**EXERCISE PROMPT**
The lines below starting at the line containing "お手紙を書いていました。色鉛筆でかわいい挿絵を描いていました。" and ending at the line containing "3月18日中午,护理学院教工" are to be repeated exactly, with both ends kept and nothing else added.

**EXTRACTED MATERIAL**
━━━━━━━━━━━━━━━━━━━━━━━━━━━━━━
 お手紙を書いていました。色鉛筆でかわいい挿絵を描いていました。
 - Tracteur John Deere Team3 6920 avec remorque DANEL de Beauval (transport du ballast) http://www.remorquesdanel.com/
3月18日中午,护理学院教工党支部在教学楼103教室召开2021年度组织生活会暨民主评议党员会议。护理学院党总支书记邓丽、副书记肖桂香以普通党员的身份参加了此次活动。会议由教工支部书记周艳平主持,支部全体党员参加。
━━━━━━━━━━━━━━━━━━━━━━━━━━━━━━
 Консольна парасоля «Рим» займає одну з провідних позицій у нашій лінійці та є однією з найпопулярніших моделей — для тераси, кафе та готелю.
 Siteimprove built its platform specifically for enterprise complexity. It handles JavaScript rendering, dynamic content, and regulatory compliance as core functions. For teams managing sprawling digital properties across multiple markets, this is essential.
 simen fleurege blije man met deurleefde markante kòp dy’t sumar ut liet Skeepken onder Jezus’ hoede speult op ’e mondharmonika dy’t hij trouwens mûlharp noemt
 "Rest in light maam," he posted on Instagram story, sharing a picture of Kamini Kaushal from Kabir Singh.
━━━━━━━━━━━━━━━━━━━━━━━━━━━━━━
**TASK RESPONSE**
 お手紙を書いていました。色鉛筆でかわいい挿絵を描いていました。
 - Tracteur John Deere Team3 6920 avec remorque DANEL de Beauval (transport du ballast) http://www.remorquesdanel.com/
3月18日中午,护理学院教工党支部在教学楼103教室召开2021年度组织生活会暨民主评议党员会议。护理学院党总支书记邓丽、副书记肖桂香以普通党员的身份参加了此次活动。会议由教工支部书记周艳平主持,支部全体党员参加。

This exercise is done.